Kemudian Tomakaka Paotonan menikah lagi dengan perempuan dari Lemo Tua yang bernama Siru’ atau Indo Lumisu, memiliki keturunan antara lain : Tibian, Mauna’ (Indo Arrena), Akkena, Menjilak Pasombo dan Paujung.
Akhirnya Kalosi Patty Ganna’ dikukuhkan menjadi Tomakaka Beroppa’. Setelah menikah dengan perempuan dari Kalaha (Anak Tobara Makara’) yang bernama Soena, kemudian mempunyai keturunan antara lain: Tandi Patty Ganna, Balundu’ Patty Ganna, Samben Patty Ganna, dan perempuan Ka’du’ Patty Ganna. Dari keempat putra-putri Tomakaka Kalosi Patty Ganna, salah seorang tidak mempunyai keturunan (Tamanang), yaitu Tandi Patty Ganna.

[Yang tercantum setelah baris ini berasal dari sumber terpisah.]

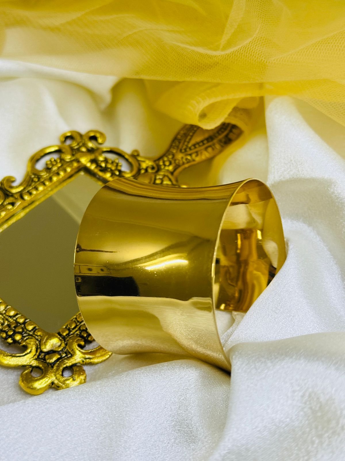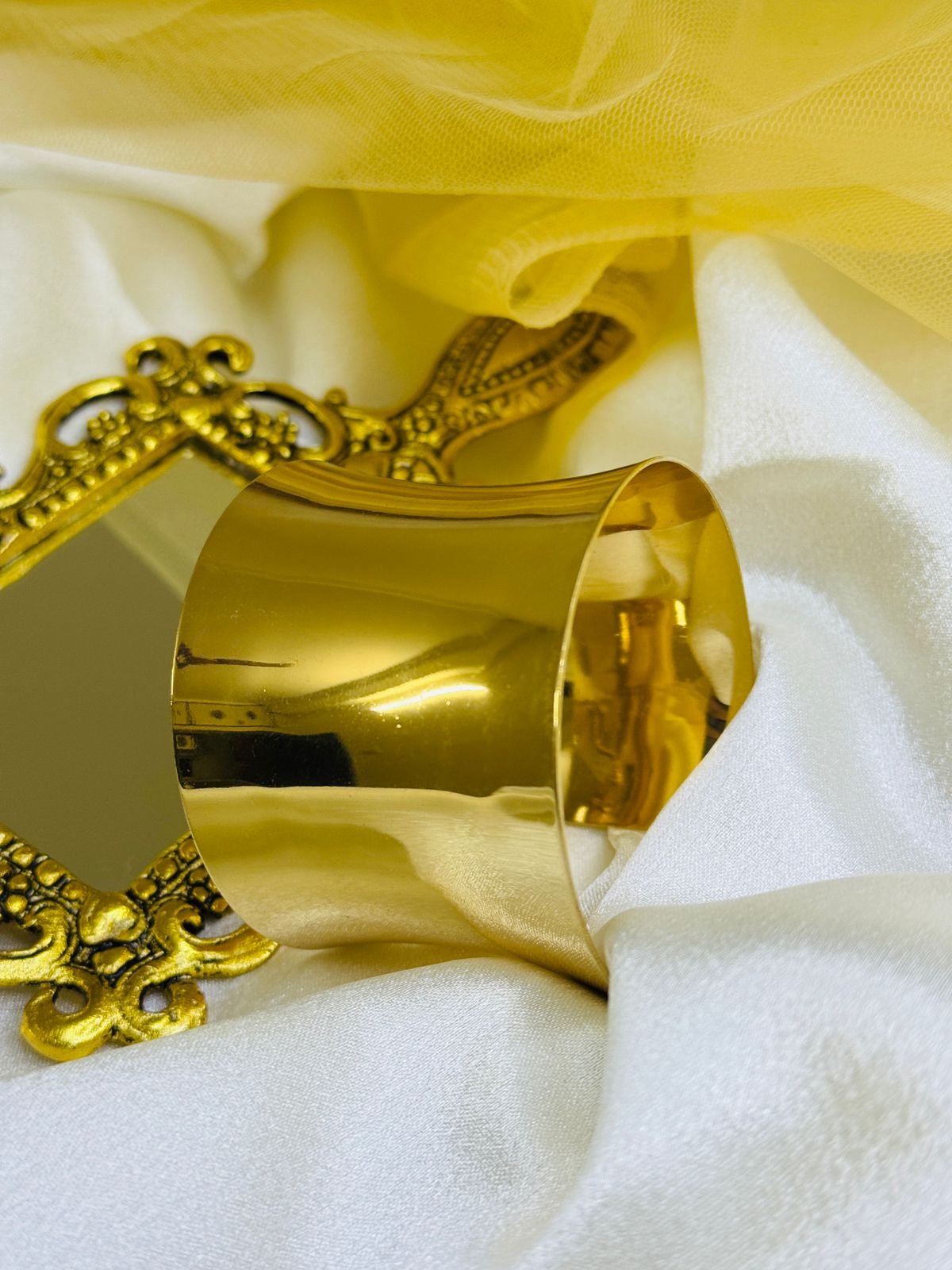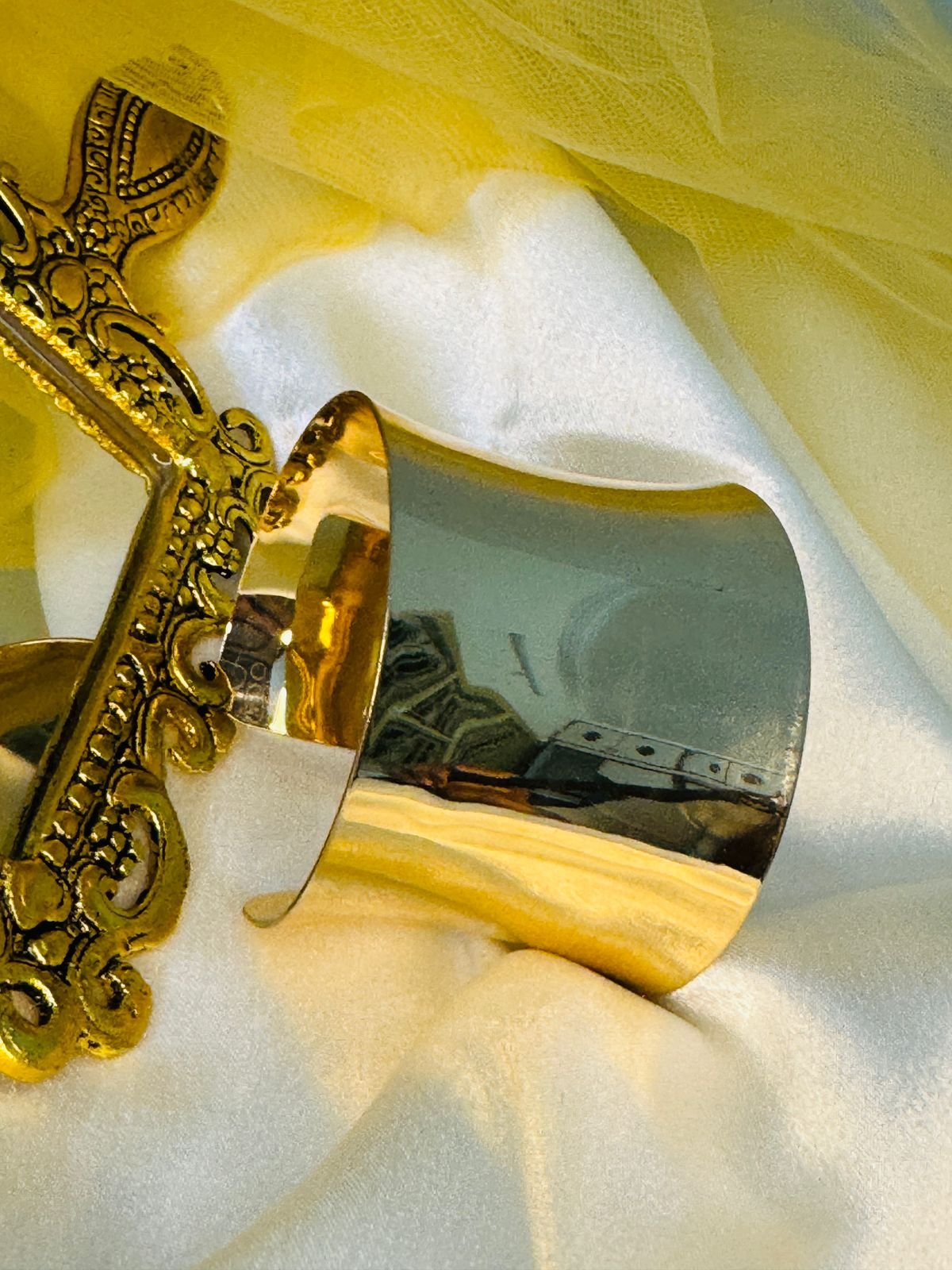 Be the first to review “Gold-plated cuff or bangle bracelet with a sleek, sculptural silhouette.” Cancel reply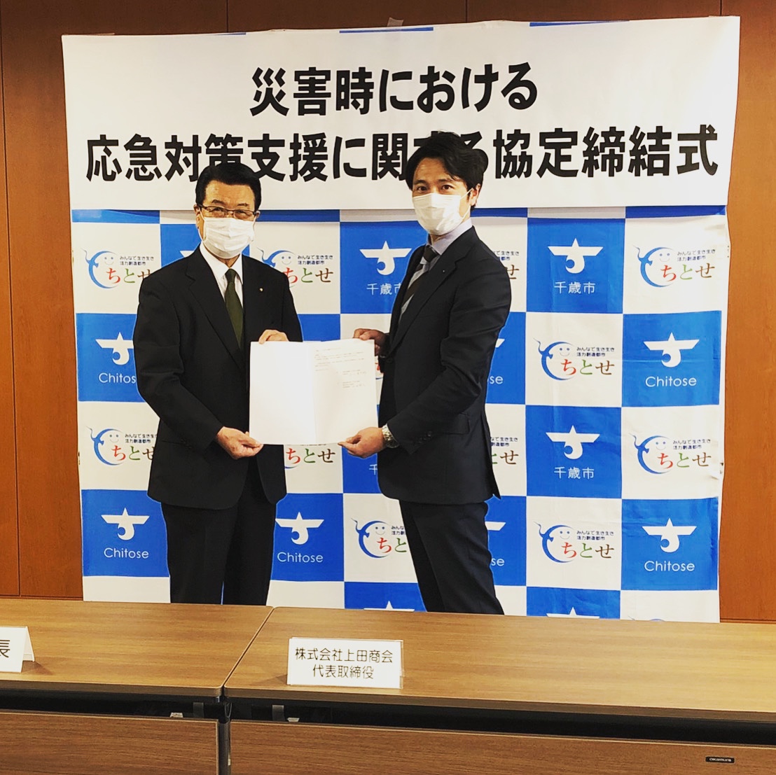 ㈱上田商会は千歳市と災害時の応急対策支援に関する協定を結びました。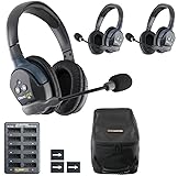 INCLUDES: 1 ULDM Dual-Ear Main Headset, 2 ULDR Dual-Ear Remote Headsets, 3 Rechargeable Lithium Batteries, 10 Bay Multi-port Charger and a Softside Carrying Case. HANDS-FREE FULL DUPLEX: Wireless headsets operate on 1.9 GHz frequency to avoid interference with other devices; allows for simultaneous communication for 3 users. System expandable for up to 5 users. EXCEPTIONAL PERFORMANCE: Up to 1,000 ft LOS wireless range; up to 6 hours of talk time on a single charge; pivoting microphone allows for the headsets to be worn on either left or right side. GREAT CLARITY: Noise-cancelling microphone that automatically mutes when pivoted upwards; high-quality voice communication even in high-noise environments. PERFECT FOR: video production, stage production, boat operators, drone operators, construction sites, RVs, UTVs and more!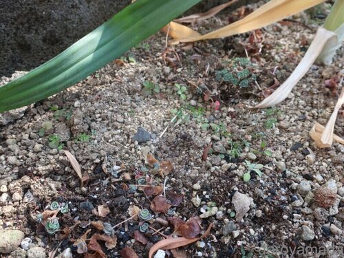 コモチレンゲの切り詰め追加 保護マツバギクの土追加 保護パリダムを全部地植えへ 記録 コモチレンゲの切り詰め追加 昨日気がついた件、残ったやつも切り詰めてみた。左上の株。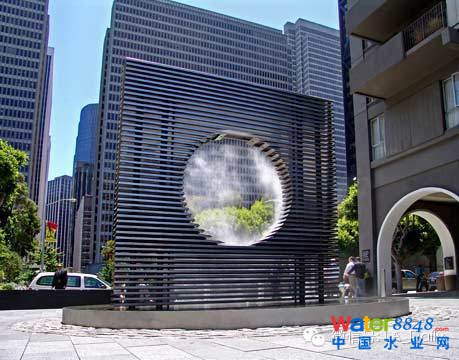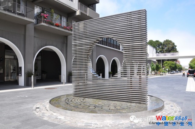 雕塑由多層水平的不銹鋼組成,霧從中央圓洞噴出。通過(guò)雕塑圓洞框景,透過(guò)層層薄霧,展現(xiàn)出城市新景觀。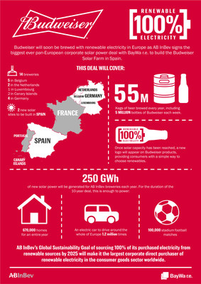 In der Geschichte ist dies der größte gesamteuropäische Solarstrom-Deal zwischen zwei Unternehmen, der 14 Brauereien von AB InBev in Westeuropa einschließt sowie über 50 Marken, die in 12 Ländern* gebraut und verkauft werden und zu denen auch die globale Marke Budweiser gehört.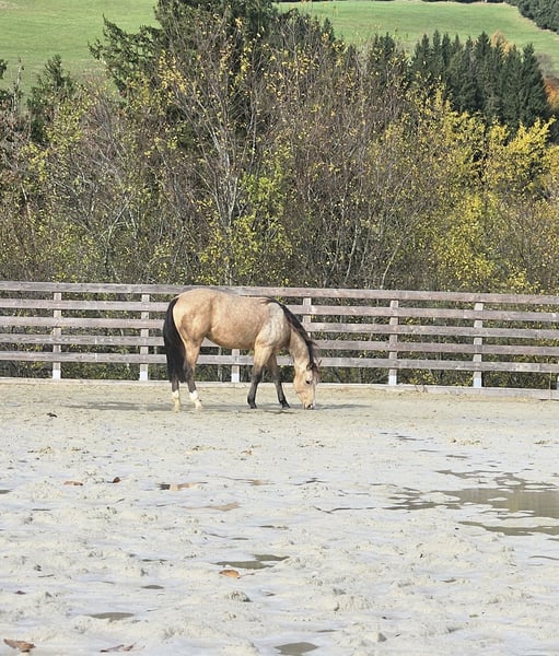 "Wow Voodoo" ist ein absolutes Ausnahmepferd und der perfekte Partner für denjenigen, der ein talentiertes Nachwuchspferd sucht. Mit seinem kräftigen, großrahmigen Körperbau und seinem buckskin farbenden Fell ist er ein absoluter Hingucker... Charakterlich zeigt er sich sehr aufgeschlossenen und menschenbezogenen. Er ist sowohl Gruppen- als auch Boxenhaltung gewöhnt und verhält sich in unserer Herde problemlos fen anderen Pferden gegenüber. Er stammt aus unserer eigenen Zucht und hat mit seiner tollen Abstammung alle Wege offen, Später mal ein tolles Showpferd, oder aber auch ein zuverlässiger Freizeitpartner zu werden... Sein Vater ist "Shiners Voodoo" der unter anderem mehrere Level 4 Open Derby und Futurity Champion Titel gewann und eine Gewinnsumme von über $80,000.00 + erzielte. Auch seine Mutter "Miss G*n N Hollywood" trägt sehr erfolgreiche Namen auf ihrem Papier, unter anderem der legendäre G*nner, Hollywood Dun It und Frozen Sailor. "Voody", wie wir ihn nennen, ist bei der Nrha Germany, Euro und Irha eingezahlt. Er ist ein super unkompliziertes Pferd und sehr gut zu händeln. Bei weiteren Fragen meldet euch gerne bei uns:)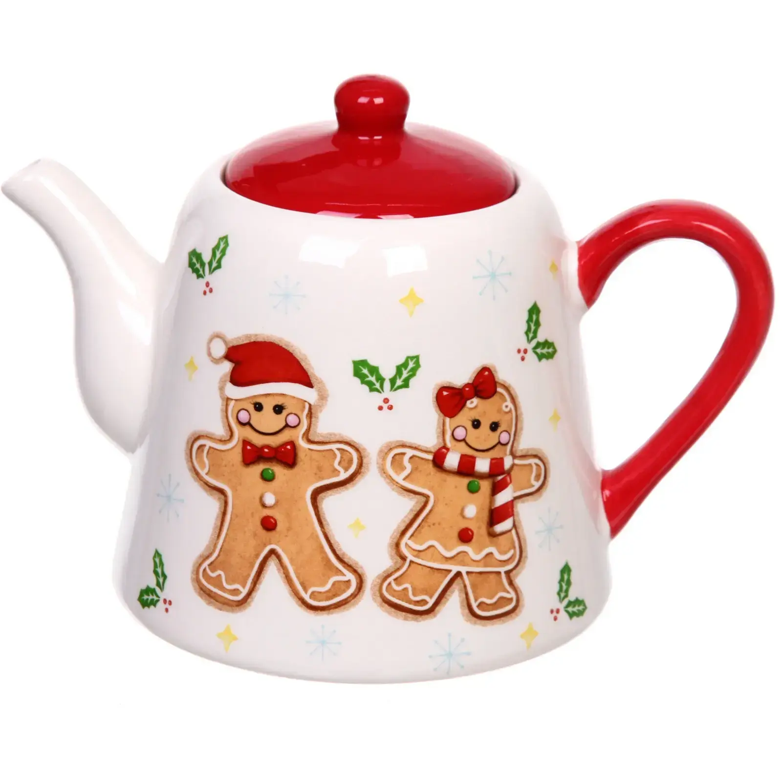 Чайник выполнен в белом цвете с красной крышкой и ручкой, а его декор включает изображения пряничных человечков, снежинок и зелёных веточек. Размеры чайника стандартные, что делает его удобным для хранения и использования. Этот чайник станет отличным подарком для любителей чая и тех, кто ценит уют в доме.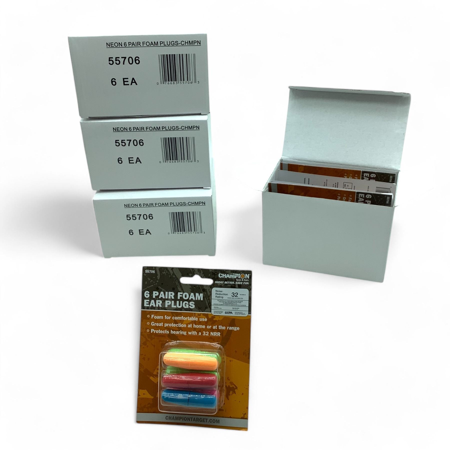 Champion Neon Colored Foam Ear Plugs, 6 Pair Pack X 18 Qty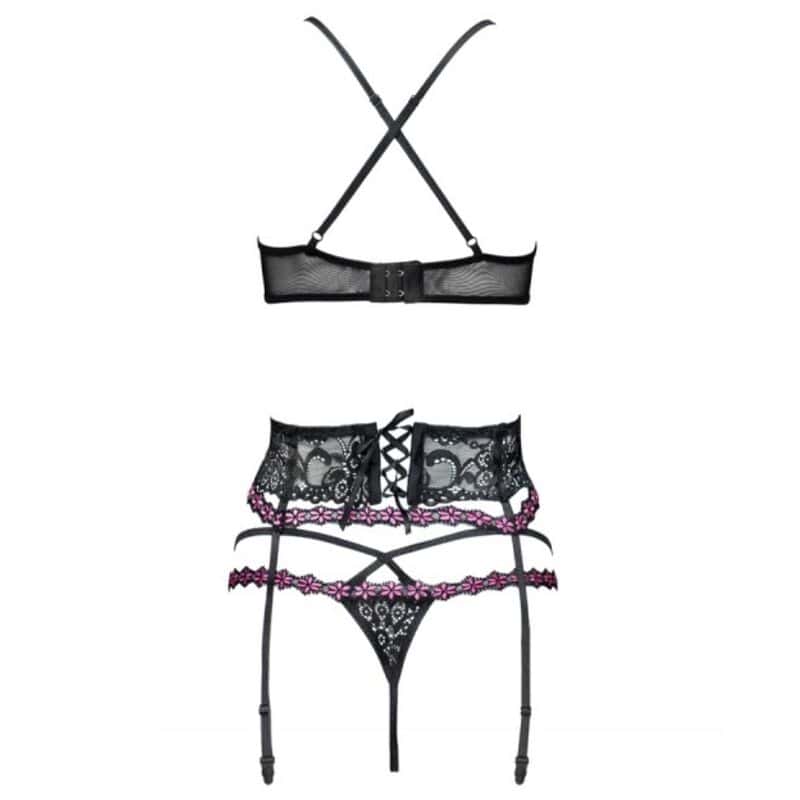 Un ensemble de lingerie exclusif et élégant en dentelle noire complexe. Un soutien-gorge coquet à fines bretelles croisées dans le dos, orné de bretelles et de bijoux argentés. Elégant porte-jarretelles noué dans le dos par un ruban de satin. Une décoration supplémentaire est constituée de deux rubans de fleurs roses. Lensemble comprend un string tentant avec un petit cœur argenté.

Kemudian Balundu Patty Ganna menikah, yang pertama dengan seorang        
perempuan yang disapa Indo’ Se’se, memiliki keturunan antara lain : 
Se’se   dan Lose. 
Se’se kemudian menikah yang pertama dengan seorang perempuan bernama Lu’pik dan memiliki turunan bernama Indo’ Ampalla’ (Indo Nesi); menikah kedua dengan seorang perempuan …………, memiliki keturunan bernama Manuvu’ (Ambe’ Sipantun); menikah ketiga dengan seorang perempuan …………, memiliki keturunan bernama Kura (Indo’ Marata); menikah keempat dengan seorang perempuan …………, memiliki keturunan seorang perempuan bernama Sandamaiiri’; dan menikah kelima dengan seorang perempuan dari Manganan (Pa’riva Sangka) dari Rongkong, memiliki keturunan bernama Daso’ Patty Ganna. Kemudian Daso Patty Ganna menikah dengan seorang perempuan, anak dari Pongngarong Arrena, bernama Marya Sune’ Sandamaiiri’, memiliki keturunan antara lain : Made Daso’ Tandi Paewa, Yusuf Daso’ Tandi Paewa, Mathias Tandi Paewa, Barnabas Daso’ Tandi Paewa, perempuan Adilfina Daso’ Tandi Paewa, perempuan Ruth Daso’ Tandi Paewa, dan Mathius Daso’ Tandi Paewa.
Lalu Balundu Patty Ganna menikah lagi dengan seorang perempuan dari Buka, bernama Bangkara dan memiliki seorang putra bernama Mampo (Kalambo).
Mampo (Kalambo) kemudian dikukuhkan menjadi Tomakaka Beroppa setelah mendapat pelimpahan (Dipatilevakki) Katomakaan dari neneknya Tomakaka Kalosi Patty Ganna.
Setelah itu selama kurang lebih 100 Tahun lamanya, Masyarakat Adat Seko tidak memiliki Tomakaka yang disebabkan adanya pemberontakan Gerombolan DI/TII di Seko pada Tahun 1953, mengakibatkan masyarakat adat Seko harus mengungsi ke daerah Karataun (Makki) dan Ledo Kecamatan Kalumpang, Kabupaten Mamuju.
Tomakaka Kalambo meninggal di Salu Alo, Makki pada Tahun 1957. Dan setelah beliau meninggal, maka atas kesepakatan tokoh-tokoh masyarakat Beroppa’ (Seko Lemo), mengangkat Ambe’ Bambalu sebagai Matua Tondok.
Atas perjuangan keras Tokoh-tokoh masyarakat Beroppa’ (Seko Lemo) bersama pemuda dan OPR, akhirnya orang Seko yang dipengungsian dapat kembali ke Seko yang dimulai pada tahun 1961, dimana masyarakat Seko yang tadinya tinggal di Masoso, kembali ke Rantedanga’ dan masyarakat Seko yang lain dipengungsian pun berangsur-angsur kembali ke Seko dengan membuat syukuran kampung pada tahun 1962 di Rantedanga’. Hingga pada Tahun 1971 setelah TNI bersama OPR Seko melakukan operasi pembersihan sampai ke Doe dan tempat-tempat lainnya, dan atas penyerahan diri beberapa pimpinan Gerombolan di Seko, maka Seko dinyatakan benar-benar sudah aman.
Pada tahun 2007, melalui musyawarah dari Tokoh-tokoh masyarakat Adat Seko, dan juga termasuk beberapa Tokoh Masyarakat dari Rongkong, maka oleh To Siaja’  TIBIAN (LOTONG LILA / GANDANG MANURUN) mempersiapkan dan melaksanakan prosesi pengukuhan (Ma’patongko) Barnabas Daso’ Tandi Paewa sebagai Tomakaka Beroppa’.
Demikian tulisan singkat tentang kelembagaan adat Beroppa’ di kecamatan Seko.